I think your answer here was about copy-file, but I was trying to ask whether open-output-file and derived functions ought to also get an argument like #:replace-permissions?.

Oh, ok. I'll add that.

[winny-]

AFAICT, Python's shutil.copy in fact does copy the permissions of the source file to the destination file, just as Racket's copy-file does, and shutil.copy2 seems to go even further and copy all of the source file's metadata.

Kind of. shutil.copyfile does not copy metadata (i.e. perms). shutil.copy2 is like the former, however tries to preserve metadata (i.e. perms).

winston@icarus ~ $ mkdir /tmp/perm-experiment
winston@icarus ~ $ cd /tmp/perm-experiment/
winston@icarus /tmp/perm-experiment $ touch orig
winston@icarus /tmp/perm-experiment $ umask 077
winston@icarus /tmp/perm-experiment $ cp orig copied_with_cp
winston@icarus /tmp/perm-experiment $ cp -p orig copied_with_cp-p
winston@icarus /tmp/perm-experiment $ racket -e '(copy-file "orig" "copied_with_racket_copy-file")'
winston@icarus /tmp/perm-experiment $ python -c 'import shutil; shutil.copyfile("orig", "copied_with_python_shutil_copyfile")'
winston@icarus /tmp/perm-experiment $ python -c 'import shutil; shutil.copy2("orig", "copied_with_python_shutil_copy2")'
winston@icarus /tmp/perm-experiment $ ls -l
total 0
-rw------- 1 winston users 0 Dec 15 10:30 copied_with_cp
-rw-r--r-- 1 winston users 0 Dec 15 10:30 copied_with_cp-p
-rw-r--r-- 1 winston users 0 Dec 15 10:30 copied_with_python_shutil_copy2
-rw------- 1 winston users 0 Dec 15 10:32 copied_with_python_shutil_copyfile
-rw-r--r-- 1 winston users 0 Dec 15 10:30 copied_with_racket_copy-file
-rw-r--r-- 1 winston users 0 Dec 15 10:30 orig

[LiberalArtist]

AFAICT, Python's shutil.copy in fact does copy the permissions of the source file to the destination file, just as Racket's copy-file does, and shutil.copy2 seems to go even further and copy all of the source file's metadata.

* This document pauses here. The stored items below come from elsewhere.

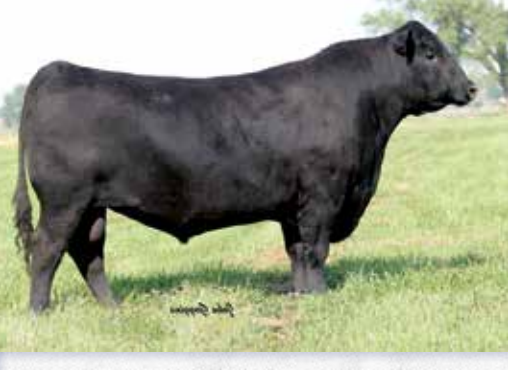
CASINO BOMBER N33 - SIRE OF LOT 44

J065 is a direct son of the $190,000 Casino Bomber, the phenomenal son of KM Broken Bow 002 that took the breed by storm when Vermillion Angus purchased him from Rancho Casino. Bomber has become a world-renowned sire in the Angus breed. His most recognized son would be the $525,000 T/D Doc Ryan 049 for TD Angus that sold to Herbster Angus in 2020. J065 is a standout numerically as he ranks top 10% CED, top 15% BW, top 10% WW, top 20% YW, and top 25% REA.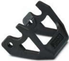
Double locking latch for B10 / B16 / B24 housing, HC-EVO....AL and HC-STA....AL

Please be informed that the data shown in this PDF Document is generated from our Online Catalog. Please find the complete data in the user's documentation. Our General Terms of Use for Downloads are valid ( http://phoenixcontact.com/download )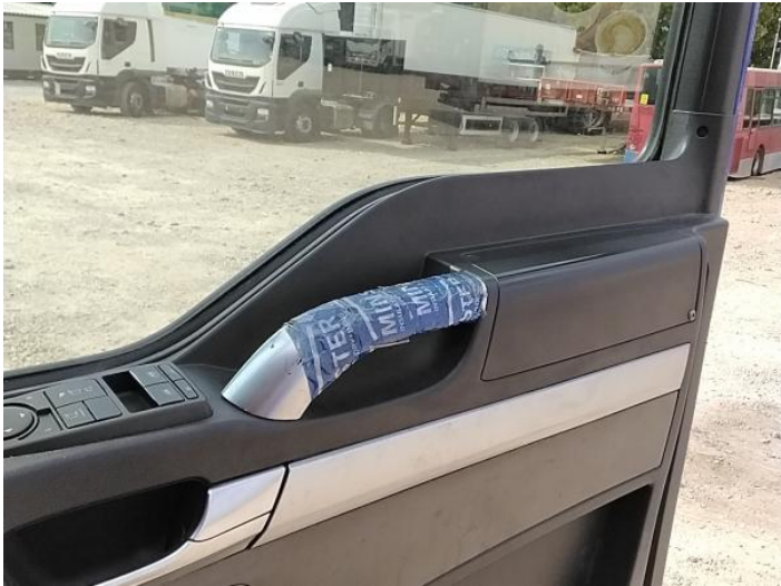
22: Handle Inner osf Damaged Replace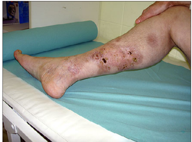
Fig. 2b. Isolated extramedullary relapse of ALL in the skin of lower limbs after treatment.

(TBI), Cyclophosphamide (Cy), antithymocyte globulin (ATG), with post transplantation GvHD prophylaxis. On day +245 of BMT she developed chronic GvHD of the skin, mucous membrane and the liver; treated with corticosteroid and mycophenolate mofetyl. On day +615 of BMT, she developed IEMR in skin of lower limbs (Fig. 2a) (started as bilateral infiltrative lesion, dark red in colour, dry, firm, fixed on the underlying tissues, with skin defect, progressive bilateral leg edema mainly on the left side). Skin biopsy confirmed the lymphoblast infiltration. CBP and BM aspiration, with full haematological and morphological remission, complete donor chimerism. Due to cardiac insufficiency and complex cardiac arrhythmias, treated with corticosteroid and imatinib 800mg/day, with initial response (Fig. 2b). Due to progression of extramedullary relapse with molecular relapse, reinduction CHT was given; but she died shortly after the induction due to sepsis and multiorgan failure. Post-relapse survival 23 weeks.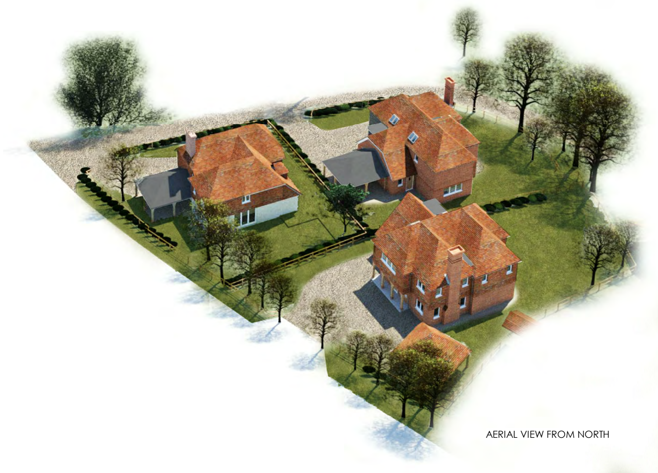
AERIAL VIEW FROM NORTH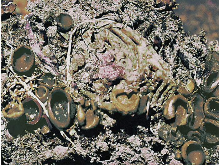
Figure 3. The overwintering structure (apothecia) of the brown rot fungus, which is growing on a fruit mummy.

Wilting and powdery masses of secondary asexual spores called conidia will be observed on the flower shuck on infected blossoms. The infection can spread from the flower, into the spur, then the twig, where it will form a canker. Conidia will continue to be produced throughout the early summer from these cankers. Conidia can infect blossoms, green twigs, and green through fully ripe fruit.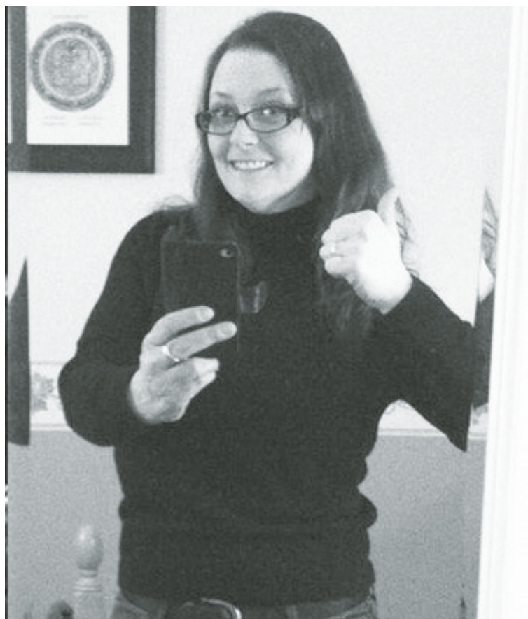
What a difference a year makes.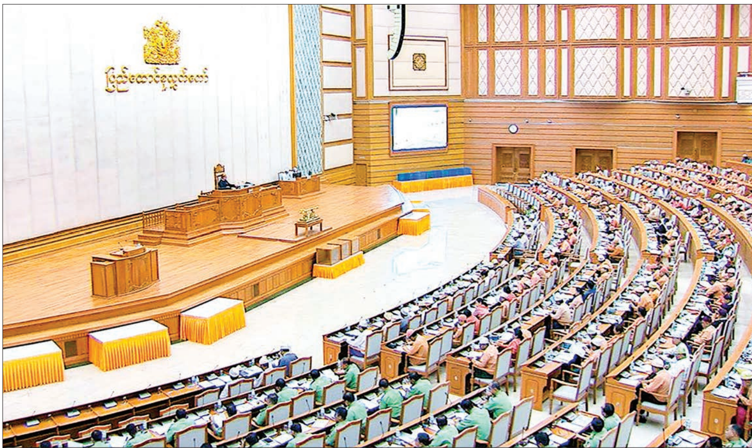
Pyidaungsu Hluttaw is being convened in Nay Pyi Taw on 22 July 2019.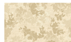
2311-41 Verona Parchment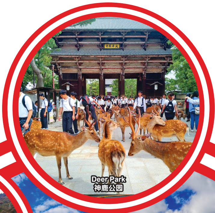
Deer Park 神鹿公园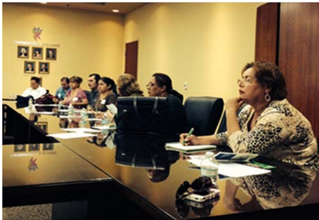
UDW members learn about the CCI

On April 28, 29, and 30, UDW, the Homecare Providers Union , participated in several presentations about the CCI. UDW is a nonprofit union that supports care providers so they can offer better care to IHSS recipients - many of whom are family, friends and community members. UDW also advocates for IHSS recipients' rights and correct assessments.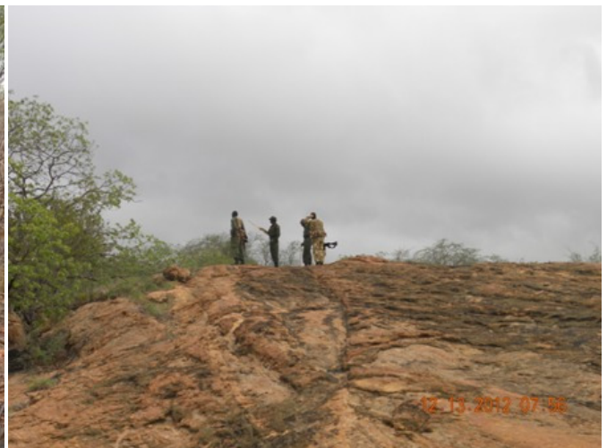
Above: the team on patrol in Kalovoto area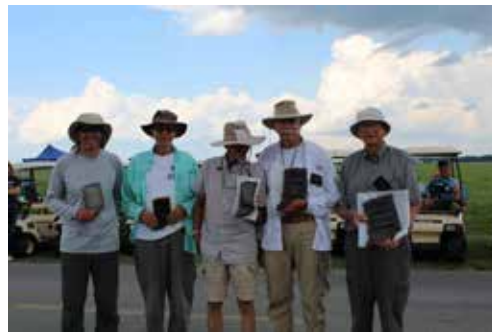
A Electric winners.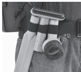
Accessory loops keep tools handy while operating.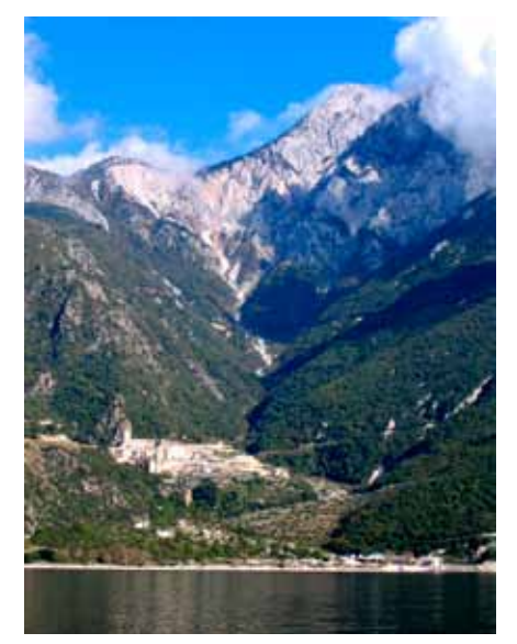
The only self governed monastic state of the world, Athos (now within Greece), stronghold of the ancient Byzantine Orthodox tradition for over ten centuries, and conserves some of the best coastal and forest Mediterranean ecosystems

protected areas including monastic communities may have very diverse ownership and governance systems concerning boards, planning, management, public use, etc. With

Kind of. shutil.copyfile does not copy metadata (i.e. perms). shutil.copy2 is like the former, however tries to preserve metadata (i.e. perms).

I was confused for a while before I read this more closely and realized there are three functions (among others):

• shutil.copyfile: Content only, no metadata
• shutil.copy: Content and permissions
• shutil.copy2: Content and most metadata, but:

  On POSIX platforms, … file owner and group are lost as well as ACLs. On Mac OS, the resource fork and other metadata are not used. This means that resources will be lost and file type and creator codes will not be correct. On Windows, file owners, ACLs and alternate data streams are not copied.

I for one don't have a particular expectation about which semantics an unfamiliar file copying function might have. (If anything, I'd be most surprised by loosing resource forks!)